Estimating Users' Subjective Impressions of Difficulty and Interest Levelfor a Speech Dialogue with an Embodied Agent from Their Nonverbal Behaviors

Kazuaki NAKAMURA  Koh KAKUSHO  Tetsuo SHOJI  Michihiko MINOH  Minako SAWAKI  Yasuhiro MINAMI  Eisaku MAEDA  

A - Abstracts of IEICE TRANSACTIONS on Fundamentals of Electronics, Communications and Computer Sciences (Japanese Edition)   Vol.J95-A   No.1   pp.85-96
Publication Date: 2012/01/01
Online ISSN: 1881-0195
Print ISSN: 0913-5707
Type of Manuscript: Special Section PAPER (Special Issue on Human-Agent Interaction)
embodied agents,  speech dialogues,  difficulty level,  interest level,  nonverbal behaviors,  frequencies of behaviors,  

Full Text(in Japanese): PDF(694.1KB)
>>Buy this Article

Embodied agents, who can have a dialogue with human users, have become widely used as interfaces of information systems.

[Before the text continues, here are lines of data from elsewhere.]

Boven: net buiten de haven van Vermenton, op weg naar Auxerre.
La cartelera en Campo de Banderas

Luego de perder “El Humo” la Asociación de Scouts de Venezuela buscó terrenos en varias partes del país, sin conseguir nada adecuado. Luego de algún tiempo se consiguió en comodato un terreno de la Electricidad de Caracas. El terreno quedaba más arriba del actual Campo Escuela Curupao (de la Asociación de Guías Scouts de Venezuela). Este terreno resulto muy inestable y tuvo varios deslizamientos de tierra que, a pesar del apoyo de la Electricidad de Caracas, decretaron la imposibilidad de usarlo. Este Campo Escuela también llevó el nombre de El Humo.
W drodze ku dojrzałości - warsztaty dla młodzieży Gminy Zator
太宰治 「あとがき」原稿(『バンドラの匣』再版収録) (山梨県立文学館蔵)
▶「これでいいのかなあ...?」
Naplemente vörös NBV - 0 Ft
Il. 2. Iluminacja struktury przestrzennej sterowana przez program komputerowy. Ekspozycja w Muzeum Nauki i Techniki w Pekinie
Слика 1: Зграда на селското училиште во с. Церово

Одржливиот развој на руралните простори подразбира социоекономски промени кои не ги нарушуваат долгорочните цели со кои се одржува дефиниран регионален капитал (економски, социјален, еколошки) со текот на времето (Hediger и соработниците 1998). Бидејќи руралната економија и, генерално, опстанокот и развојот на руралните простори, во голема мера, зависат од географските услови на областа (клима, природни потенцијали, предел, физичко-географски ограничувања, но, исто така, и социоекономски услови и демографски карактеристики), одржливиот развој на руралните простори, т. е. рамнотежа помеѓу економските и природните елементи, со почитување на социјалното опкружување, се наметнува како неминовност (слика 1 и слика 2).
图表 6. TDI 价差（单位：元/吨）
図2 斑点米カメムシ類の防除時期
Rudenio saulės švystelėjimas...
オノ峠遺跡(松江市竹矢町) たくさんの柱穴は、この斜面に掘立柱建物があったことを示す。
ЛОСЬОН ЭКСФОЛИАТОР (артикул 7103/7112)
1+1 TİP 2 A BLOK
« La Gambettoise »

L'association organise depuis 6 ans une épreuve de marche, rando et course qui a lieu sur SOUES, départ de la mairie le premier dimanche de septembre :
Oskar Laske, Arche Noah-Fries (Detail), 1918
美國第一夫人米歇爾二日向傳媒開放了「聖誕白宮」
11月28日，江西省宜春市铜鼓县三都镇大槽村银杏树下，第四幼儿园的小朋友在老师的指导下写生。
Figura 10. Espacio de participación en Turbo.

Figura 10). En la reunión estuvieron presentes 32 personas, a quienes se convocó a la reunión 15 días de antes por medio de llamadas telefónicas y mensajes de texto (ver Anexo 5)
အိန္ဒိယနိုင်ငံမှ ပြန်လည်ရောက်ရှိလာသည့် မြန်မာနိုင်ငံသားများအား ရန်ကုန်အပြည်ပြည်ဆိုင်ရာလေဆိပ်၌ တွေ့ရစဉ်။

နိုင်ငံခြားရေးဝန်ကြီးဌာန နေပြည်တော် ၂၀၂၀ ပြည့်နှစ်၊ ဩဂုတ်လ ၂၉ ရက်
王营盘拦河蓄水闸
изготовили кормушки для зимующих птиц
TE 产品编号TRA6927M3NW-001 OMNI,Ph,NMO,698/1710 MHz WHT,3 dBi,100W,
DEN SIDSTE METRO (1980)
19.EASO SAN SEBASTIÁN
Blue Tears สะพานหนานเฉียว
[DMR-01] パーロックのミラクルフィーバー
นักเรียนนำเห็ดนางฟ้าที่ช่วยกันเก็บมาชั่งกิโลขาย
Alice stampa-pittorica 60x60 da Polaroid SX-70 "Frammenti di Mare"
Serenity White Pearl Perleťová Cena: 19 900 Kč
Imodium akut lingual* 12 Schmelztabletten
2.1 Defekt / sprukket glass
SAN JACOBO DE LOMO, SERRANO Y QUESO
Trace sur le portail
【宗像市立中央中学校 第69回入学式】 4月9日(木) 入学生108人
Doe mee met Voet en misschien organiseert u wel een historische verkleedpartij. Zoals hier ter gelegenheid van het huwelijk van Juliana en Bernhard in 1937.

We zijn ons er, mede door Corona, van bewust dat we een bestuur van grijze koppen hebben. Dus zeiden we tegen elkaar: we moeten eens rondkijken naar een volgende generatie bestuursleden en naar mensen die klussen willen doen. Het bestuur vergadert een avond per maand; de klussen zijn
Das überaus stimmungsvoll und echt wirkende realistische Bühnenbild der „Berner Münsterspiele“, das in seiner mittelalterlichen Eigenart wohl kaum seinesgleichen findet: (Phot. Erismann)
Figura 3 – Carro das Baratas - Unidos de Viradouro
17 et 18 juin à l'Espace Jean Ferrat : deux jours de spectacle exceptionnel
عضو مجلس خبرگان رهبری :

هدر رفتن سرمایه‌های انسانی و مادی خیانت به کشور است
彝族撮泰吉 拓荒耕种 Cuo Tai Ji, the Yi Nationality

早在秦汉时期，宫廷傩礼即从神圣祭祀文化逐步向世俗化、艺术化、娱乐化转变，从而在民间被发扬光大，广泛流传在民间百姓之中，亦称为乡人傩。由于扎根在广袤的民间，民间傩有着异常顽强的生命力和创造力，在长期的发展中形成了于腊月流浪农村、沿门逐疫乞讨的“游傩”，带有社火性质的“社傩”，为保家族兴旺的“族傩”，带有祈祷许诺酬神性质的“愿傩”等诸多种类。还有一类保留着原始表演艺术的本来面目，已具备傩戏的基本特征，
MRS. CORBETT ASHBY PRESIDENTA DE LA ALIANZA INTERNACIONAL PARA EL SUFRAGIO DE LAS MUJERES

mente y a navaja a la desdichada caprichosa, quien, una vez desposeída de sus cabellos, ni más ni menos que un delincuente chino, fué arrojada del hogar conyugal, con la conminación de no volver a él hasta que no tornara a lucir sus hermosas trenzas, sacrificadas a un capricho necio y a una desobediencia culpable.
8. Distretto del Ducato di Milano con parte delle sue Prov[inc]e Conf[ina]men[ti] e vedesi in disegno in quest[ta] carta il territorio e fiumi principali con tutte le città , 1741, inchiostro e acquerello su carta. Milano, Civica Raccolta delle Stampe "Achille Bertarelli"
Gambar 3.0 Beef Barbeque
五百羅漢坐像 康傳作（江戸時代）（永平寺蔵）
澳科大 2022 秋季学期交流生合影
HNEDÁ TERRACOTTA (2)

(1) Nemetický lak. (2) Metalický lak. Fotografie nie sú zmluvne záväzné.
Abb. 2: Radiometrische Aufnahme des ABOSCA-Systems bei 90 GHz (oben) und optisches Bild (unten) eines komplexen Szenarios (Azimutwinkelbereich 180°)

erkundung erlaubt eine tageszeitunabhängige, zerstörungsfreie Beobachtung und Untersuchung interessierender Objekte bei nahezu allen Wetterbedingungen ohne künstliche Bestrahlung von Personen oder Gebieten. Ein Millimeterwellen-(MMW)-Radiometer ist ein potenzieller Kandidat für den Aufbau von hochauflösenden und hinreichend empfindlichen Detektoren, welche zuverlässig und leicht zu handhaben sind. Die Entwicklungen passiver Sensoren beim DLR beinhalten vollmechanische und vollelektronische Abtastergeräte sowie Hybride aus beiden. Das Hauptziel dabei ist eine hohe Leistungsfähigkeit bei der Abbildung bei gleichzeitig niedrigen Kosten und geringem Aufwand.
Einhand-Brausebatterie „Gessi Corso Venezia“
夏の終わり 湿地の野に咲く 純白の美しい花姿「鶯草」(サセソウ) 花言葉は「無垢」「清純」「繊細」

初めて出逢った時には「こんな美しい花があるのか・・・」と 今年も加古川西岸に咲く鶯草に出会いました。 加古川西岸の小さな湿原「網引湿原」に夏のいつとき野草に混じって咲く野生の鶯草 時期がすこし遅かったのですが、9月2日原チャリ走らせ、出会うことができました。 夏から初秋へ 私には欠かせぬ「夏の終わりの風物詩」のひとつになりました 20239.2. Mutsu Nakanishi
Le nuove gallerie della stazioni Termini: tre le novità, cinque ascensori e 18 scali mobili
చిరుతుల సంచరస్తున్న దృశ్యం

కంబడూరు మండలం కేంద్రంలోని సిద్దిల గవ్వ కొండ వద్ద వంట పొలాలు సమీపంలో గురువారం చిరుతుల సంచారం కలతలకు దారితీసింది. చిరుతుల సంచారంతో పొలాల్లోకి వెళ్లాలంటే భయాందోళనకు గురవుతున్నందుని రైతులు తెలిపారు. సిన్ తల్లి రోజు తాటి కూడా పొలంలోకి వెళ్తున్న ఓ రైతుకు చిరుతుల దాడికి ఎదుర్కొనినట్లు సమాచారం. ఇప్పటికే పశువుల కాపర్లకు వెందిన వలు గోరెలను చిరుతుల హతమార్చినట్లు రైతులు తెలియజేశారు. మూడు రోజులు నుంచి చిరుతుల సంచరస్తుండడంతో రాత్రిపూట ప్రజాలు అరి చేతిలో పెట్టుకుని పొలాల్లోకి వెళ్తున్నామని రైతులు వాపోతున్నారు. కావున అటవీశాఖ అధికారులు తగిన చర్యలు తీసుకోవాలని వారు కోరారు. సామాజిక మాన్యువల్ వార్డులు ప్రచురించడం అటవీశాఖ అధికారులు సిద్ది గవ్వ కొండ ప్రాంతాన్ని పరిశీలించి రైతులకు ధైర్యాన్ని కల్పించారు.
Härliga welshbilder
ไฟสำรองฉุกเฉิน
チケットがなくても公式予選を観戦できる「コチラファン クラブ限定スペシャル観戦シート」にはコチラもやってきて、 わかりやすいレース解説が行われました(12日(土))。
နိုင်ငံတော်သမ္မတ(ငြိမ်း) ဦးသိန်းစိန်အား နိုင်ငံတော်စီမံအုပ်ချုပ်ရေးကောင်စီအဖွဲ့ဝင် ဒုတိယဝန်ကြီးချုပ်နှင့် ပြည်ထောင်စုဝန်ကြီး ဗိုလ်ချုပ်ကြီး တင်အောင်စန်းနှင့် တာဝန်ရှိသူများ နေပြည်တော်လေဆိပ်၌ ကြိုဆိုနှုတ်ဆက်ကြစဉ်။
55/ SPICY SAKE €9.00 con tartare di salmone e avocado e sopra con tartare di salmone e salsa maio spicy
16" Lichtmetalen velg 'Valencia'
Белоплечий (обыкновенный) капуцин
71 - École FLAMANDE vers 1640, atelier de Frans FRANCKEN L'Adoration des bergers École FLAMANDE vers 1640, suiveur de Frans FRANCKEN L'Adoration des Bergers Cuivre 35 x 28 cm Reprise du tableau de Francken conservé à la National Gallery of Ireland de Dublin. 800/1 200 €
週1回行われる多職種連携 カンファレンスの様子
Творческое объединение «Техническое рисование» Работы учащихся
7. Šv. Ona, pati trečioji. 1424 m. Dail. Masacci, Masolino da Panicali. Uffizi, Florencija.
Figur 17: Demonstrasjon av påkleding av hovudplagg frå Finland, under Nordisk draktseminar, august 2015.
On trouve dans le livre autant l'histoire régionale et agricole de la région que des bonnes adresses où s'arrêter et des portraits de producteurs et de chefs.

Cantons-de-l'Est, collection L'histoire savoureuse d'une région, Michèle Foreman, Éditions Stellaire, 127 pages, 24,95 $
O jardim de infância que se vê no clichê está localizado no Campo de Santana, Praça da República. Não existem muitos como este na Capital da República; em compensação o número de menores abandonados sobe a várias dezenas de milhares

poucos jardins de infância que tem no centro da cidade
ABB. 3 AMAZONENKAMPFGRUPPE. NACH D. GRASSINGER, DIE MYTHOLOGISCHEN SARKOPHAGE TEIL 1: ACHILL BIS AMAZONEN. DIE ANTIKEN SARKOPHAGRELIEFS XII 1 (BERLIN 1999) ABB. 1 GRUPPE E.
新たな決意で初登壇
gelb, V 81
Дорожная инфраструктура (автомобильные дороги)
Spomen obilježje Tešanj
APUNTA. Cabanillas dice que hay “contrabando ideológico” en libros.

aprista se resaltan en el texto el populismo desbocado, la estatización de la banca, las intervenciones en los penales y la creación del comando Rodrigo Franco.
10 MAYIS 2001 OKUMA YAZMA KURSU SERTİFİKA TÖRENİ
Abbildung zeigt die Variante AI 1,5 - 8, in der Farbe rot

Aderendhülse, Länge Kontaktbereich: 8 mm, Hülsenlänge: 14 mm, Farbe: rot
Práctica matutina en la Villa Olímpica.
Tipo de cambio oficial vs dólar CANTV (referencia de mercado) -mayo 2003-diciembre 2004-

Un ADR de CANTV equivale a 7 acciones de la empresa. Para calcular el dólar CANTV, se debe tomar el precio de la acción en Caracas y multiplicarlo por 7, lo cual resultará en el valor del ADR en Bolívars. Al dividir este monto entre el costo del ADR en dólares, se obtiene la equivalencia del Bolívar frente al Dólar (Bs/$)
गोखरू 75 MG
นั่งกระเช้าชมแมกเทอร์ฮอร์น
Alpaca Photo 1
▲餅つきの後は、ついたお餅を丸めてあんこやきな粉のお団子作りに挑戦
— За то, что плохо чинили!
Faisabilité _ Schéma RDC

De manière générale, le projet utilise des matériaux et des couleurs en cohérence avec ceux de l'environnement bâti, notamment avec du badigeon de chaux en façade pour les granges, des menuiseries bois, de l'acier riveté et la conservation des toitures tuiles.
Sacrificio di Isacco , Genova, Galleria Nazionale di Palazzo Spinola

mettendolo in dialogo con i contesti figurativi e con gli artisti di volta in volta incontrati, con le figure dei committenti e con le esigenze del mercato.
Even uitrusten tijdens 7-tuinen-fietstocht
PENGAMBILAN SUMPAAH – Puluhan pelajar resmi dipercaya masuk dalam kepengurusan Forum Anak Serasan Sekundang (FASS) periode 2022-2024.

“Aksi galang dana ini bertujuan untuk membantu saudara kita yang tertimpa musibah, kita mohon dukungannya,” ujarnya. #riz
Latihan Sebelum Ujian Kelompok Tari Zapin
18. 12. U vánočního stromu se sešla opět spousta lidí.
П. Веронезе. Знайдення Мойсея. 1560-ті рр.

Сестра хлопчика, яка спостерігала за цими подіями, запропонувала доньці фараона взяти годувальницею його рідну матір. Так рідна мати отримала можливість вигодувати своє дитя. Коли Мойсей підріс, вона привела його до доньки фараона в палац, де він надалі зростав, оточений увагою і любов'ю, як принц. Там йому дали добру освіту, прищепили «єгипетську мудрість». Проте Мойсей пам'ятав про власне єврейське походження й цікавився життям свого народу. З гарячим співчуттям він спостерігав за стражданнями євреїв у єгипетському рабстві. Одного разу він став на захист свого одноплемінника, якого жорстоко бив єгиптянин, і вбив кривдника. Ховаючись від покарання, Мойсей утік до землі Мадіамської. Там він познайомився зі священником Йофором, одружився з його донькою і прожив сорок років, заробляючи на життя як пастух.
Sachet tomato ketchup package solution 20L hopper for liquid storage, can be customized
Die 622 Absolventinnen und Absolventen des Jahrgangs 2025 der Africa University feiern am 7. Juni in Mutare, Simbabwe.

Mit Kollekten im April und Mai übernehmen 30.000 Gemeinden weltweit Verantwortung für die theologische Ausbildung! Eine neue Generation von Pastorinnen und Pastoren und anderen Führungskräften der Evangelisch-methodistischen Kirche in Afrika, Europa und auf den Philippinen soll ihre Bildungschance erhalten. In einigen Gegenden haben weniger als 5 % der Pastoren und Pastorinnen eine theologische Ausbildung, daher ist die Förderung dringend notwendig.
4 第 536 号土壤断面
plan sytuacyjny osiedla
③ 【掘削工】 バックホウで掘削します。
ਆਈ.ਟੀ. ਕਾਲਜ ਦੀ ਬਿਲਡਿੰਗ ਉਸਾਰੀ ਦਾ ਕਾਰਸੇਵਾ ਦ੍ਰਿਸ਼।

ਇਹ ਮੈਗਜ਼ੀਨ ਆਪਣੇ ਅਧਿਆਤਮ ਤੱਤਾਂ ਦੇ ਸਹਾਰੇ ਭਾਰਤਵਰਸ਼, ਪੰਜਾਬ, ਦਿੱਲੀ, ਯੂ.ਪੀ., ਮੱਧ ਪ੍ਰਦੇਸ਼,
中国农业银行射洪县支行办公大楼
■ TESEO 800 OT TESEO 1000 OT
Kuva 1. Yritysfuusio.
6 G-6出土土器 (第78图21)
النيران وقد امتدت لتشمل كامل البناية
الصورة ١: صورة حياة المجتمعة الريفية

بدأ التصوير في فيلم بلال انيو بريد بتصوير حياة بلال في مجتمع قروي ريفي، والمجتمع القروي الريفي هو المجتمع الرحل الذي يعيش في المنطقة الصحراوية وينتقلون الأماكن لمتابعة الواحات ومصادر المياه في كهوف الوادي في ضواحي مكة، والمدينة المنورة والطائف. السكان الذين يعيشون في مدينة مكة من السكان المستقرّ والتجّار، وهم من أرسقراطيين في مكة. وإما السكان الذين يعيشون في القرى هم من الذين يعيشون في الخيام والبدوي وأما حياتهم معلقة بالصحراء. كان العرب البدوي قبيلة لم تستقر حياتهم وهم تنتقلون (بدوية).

In this paper, we aim to estimate the users' subjective impressions of difficulty level (SID) and those of interest level (SII) for the content of this kind of human-agent dialogue based on their nonverbal behaviors such as facial expressions, eye gaze, gestures, or postures. In general, it takes a certain length of time to decide and convey a content of a dialogue, so that the user's SID/SII for the dialogue content cannot be defined on every moment but be defined on every time-span of a certain length. However, during such time-spans, the users' state of mind corresponding to each nonverbal behavior performed on each moment will vary depending on the dialogue conditions such as the users' role (speaker/listener) or the dialogue context. Therefore the users' SID/SII can hardly be estimated correctly from the nonverbal behaviors performed on each moment. In this paper, we propose to use not moment-level features (such as the nonverbal behaviors themselves) but time-span-level features (frequency of each nonverbal behavior during the time-span) for estimating SID/SII. In the result of our experiment, the users' SID/SII were estimated with accuracy of 72% on an average by our approach under the condition of 40 seconds as the length of above time-spans.